| What to produce |
All that is needed is the lines from the one containing "上周五美国总统的一则推特再度将投资市场搅得天翻地覆,特朗普称将对来自土耳其生产的钢铁和铝分别征收 50% 、" through the end of the listing, printed exactly, with no pictures among them.

| Extracted information |

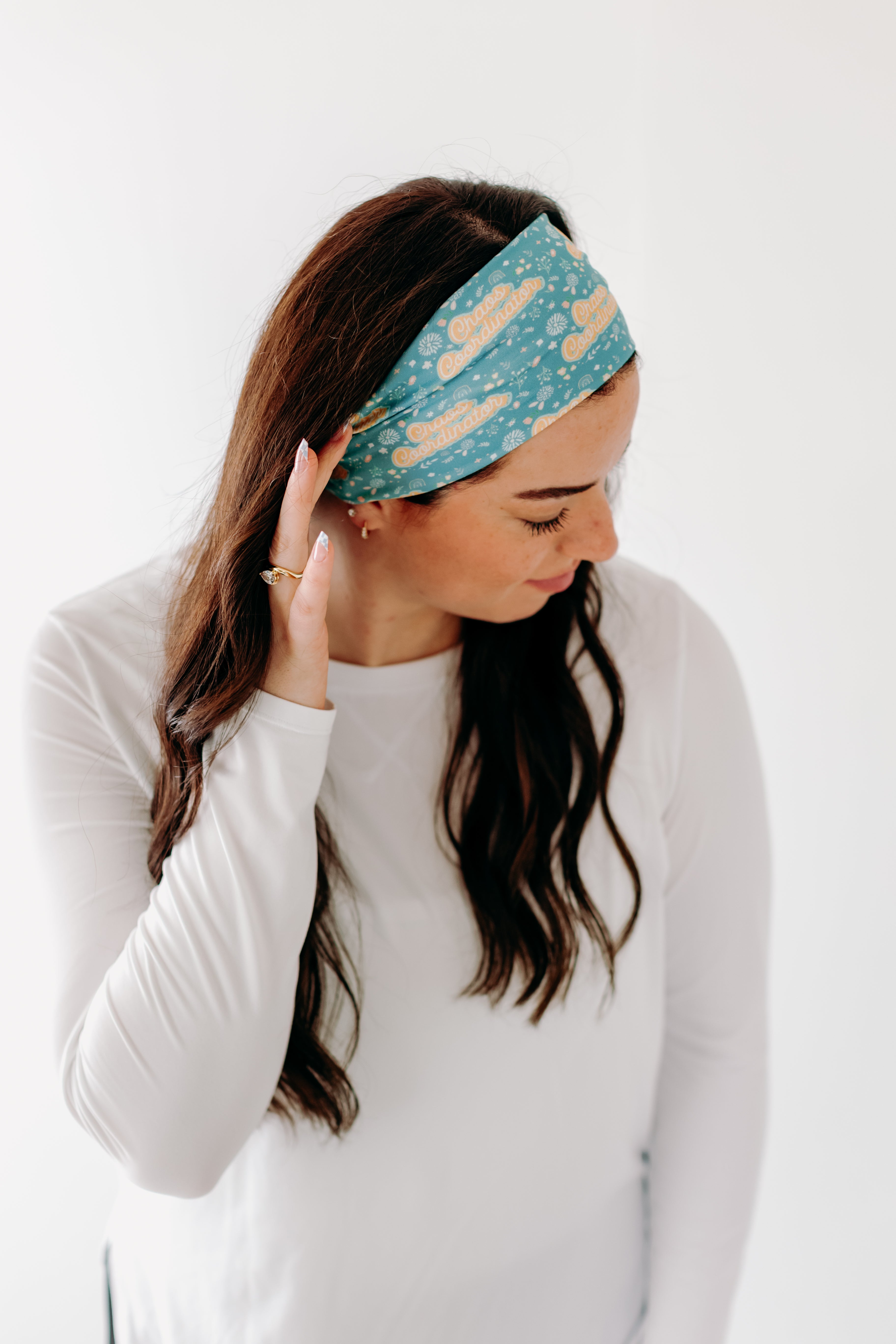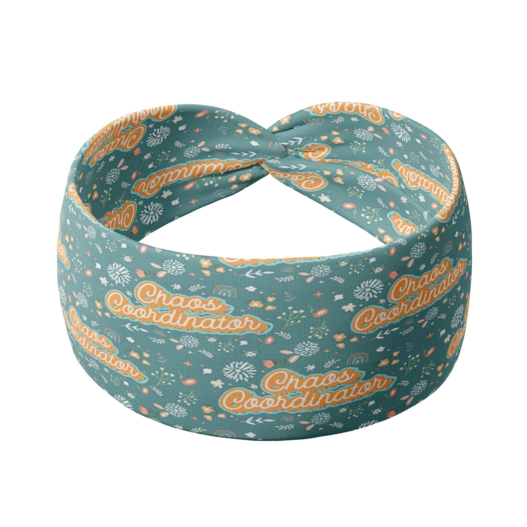 Adult women's blue headband with allover yellow and white confetti print with "chaos coordinator" cursive script
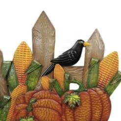 Get Ready To Decorate For The Fall. Use For The Halloween And Thanksgiving Season . A Two Prong Decorative Garden Stake With Orange Pumpkins And Ears Of Corn Up Against A Rustic Brown Fence With A Black Bird / Crow Perched Upon It. Banner On Sign Says ‘Happy Harvest’. The Sturdy Construction Will Keep This Charming Addition To Your Holiday Decorations Ready Season After Season While The Narrow Profile Makes It Easy To Store When Not In Use.. New. Measurements 35 In H X 26 In W X 1 In D. . Made Of Metal. No Assembly Required. Indoor Or Outdoor Use. Imported. NOTE: Note, When Received, Product May Require Slight Reshaping Or Fluffing Due To Transportation. We Recommend That All Products (Metal, Fabric, Wood, Cement, Polyresin) Placed Outdoors Be Sprayed Each Year With A Non-Yellowing, Clear Coat Garden Decor Protection Spray Found At Your Local Craft Store To Preserve Their Original Appearance And To Extend The Life Of Your Product.
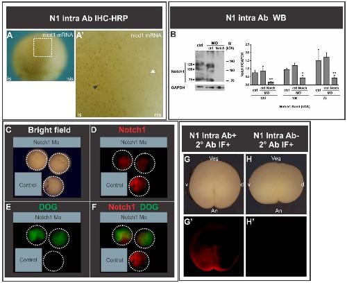 Figure S5. Notch1 intra antibody ab8387 (N1 intra Ab) specifically recognizes Notch1 protein in Xenopus laevis embryos. (A,Aâ) Embryo unilaterally injected with 1 ng of Xenopus laevis nicd1 mRNA into 1 cell at the 2-cells stage, fixed at gastrula stage and processed for immunohistochemistry with a horseradish peroxidase-conjugated secondary antibody (IHC-HRP). (Aâ) Higher magnification view of the area indicated by the dashed box in A. Diaminobenzidine brown development clearly showed a very strong and dense nuclear staining (black arrow) on the injected side (is), confirming that N1 intra Ab recognizes Xenopus laevis NICD1 when overexpressed. The non-injected side (nis) showed a lighter staining in scattered nuclei (white arrow), indicating that N1 intra Ab could also detect the endogenous NICD1. (B) Western blot (WB) analysis of protein extracts obtained at s15 from uninjected controls (ctrl), embryos injected with 80 ng of Control Mo (ctrl MO) or with 80 ng of Notch1 Mo (Notch MO) at the 1-cell stage. The N1 intra Ab recognizes bands corresponding to Notch1 normal processing (Kopan and Ilagan, 2009) in extracts from uninjected controls and from Control MO-injected embryos: one around 120 kDa, which is expected to correspond to the Notch1 fragments containing the transmembrane domain (Notch transmembrane and intracellular domain, NTMIC; Notch extracellular truncation, NEXT) and a band of around 100 kDa, which is expected to correspond to NICD (Notch intracellular domain), as has been previously shown with other antibodies recognizing Notch1 in cell and embryo extracts from mammals (Zagouras et al., 1995) (Blaumueller et al., 1997) (De Falco et al., 2015). A lower molecular weight band of 75 kDa was also observed at this stage. The three bands are specific, since they were significantly reduced by Notch1 Mo (* P< 0.05, ** P< 0.01, One Way ANOVA test). Results are shown as the mean+s.e.m. of three independent experiments. (C-F) N1 intra Ab IF (D,F, red channel) in animal hemispheres from s6 embryos that were injected at s1 with 60 ng of Notch1 Mo + DOG as tracer (upper embryos) and from a sibling uninjected control (lower embryo), photographed together. (C) Bright field image. (E, F) Green fluorescence from the tracer. Notch1 Mo decreased N1 intra Ab IF in all injected embryos (n=10), confirming that N1 intra Ab specifically recognizes Notch1 protein in Xenopus embryos. (G-Hâ) Internal views of left halves of 4- cells embryos processed for IF with anti-rabbit IgG-Alexa 594 as secondary antibody (2° Ab), with (G,Gâ) or without (H,Hâ) N1 intra Ab primary antibody. (G,H) Bright field. (G´,Hâ) Fluorescence image, red channel, of the same embryos shown in G,H, respectively. The secondary antibody did not show non-specific fluorescence. d, dorsal; v, ventral; An, animal; Veg, vegetal. |
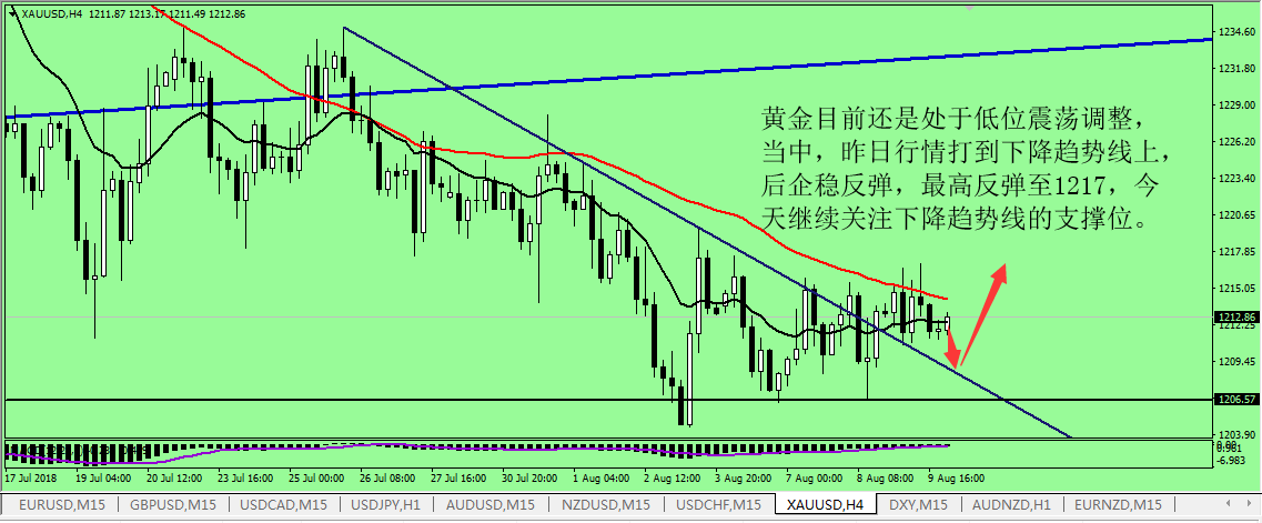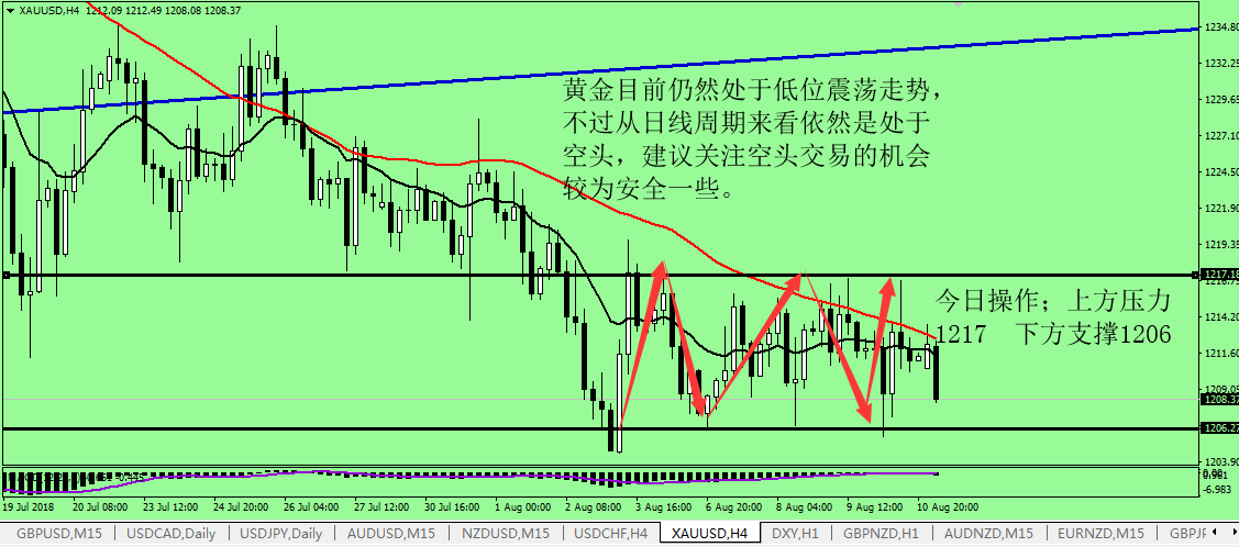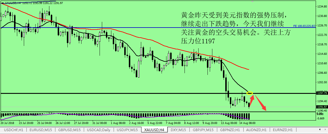 上周五美国总统的一则推特再度将投资市场搅得天翻地覆,特朗普称将对来自土耳其生产的钢铁和铝分别征收 50% 、 20% 的额外关税,这也是自今年 7 月 26 日特朗普在推特上称要对土耳其实施 “ 大规模制裁 ” 后,有一起针对土耳其的经济举动。从本质上说,在经济全球化的时代,美国这种关税行为无疑就是挑起了对土耳其的战争。 在特朗普的推文过后,土耳其里拉兑美元汇率短线暴跌 20% ,导致欧洲、亚洲多家银行及机构措手不及,由此引发较大范围内的金融危机,受此利好,上周五美元与黄金同时上涨。本周一( 8 月 13 日),美元指数开盘跳高后持续走高,目前来看,美元指数继续上破的问题不大,看来黄金价
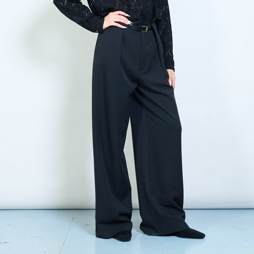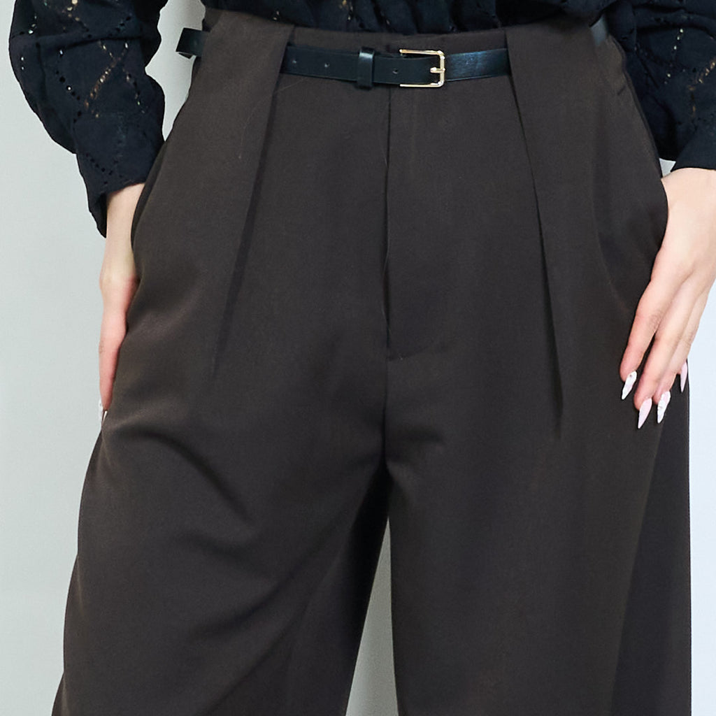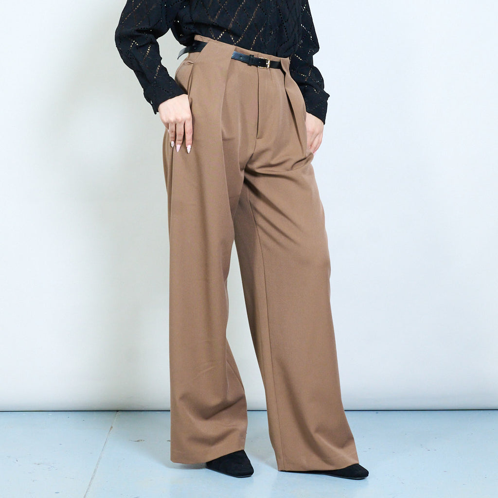 Sprzedam hurtowo plisowane, dopasowane, minimalistyczne spodnie z wysokim stanem i akcentami paska

| Reply |
 上周五美国总统的一则推特再度将投资市场搅得天翻地覆,特朗普称将对来自土耳其生产的钢铁和铝分别征收 50% 、 20% 的额外关税,这也是自今年 7 月 26 日特朗普在推特上称要对土耳其实施 “ 大规模制裁 ” 后,有一起针对土耳其的经济举动。从本质上说,在经济全球化的时代,美国这种关税行为无疑就是挑起了对土耳其的战争。 在特朗普的推文过后,土耳其里拉兑美元汇率短线暴跌 20% ,导致欧洲、亚洲多家银行及机构措手不及,由此引发较大范围内的金融危机,受此利好,上周五美元与黄金同时上涨。本周一( 8 月 13 日),美元指数开盘跳高后持续走高,目前来看,美元指数继续上破的问题不大,看来黄金价
 Sprzedam hurtowo plisowane, dopasowane, minimalistyczne spodnie z wysokim stanem i akcentami paska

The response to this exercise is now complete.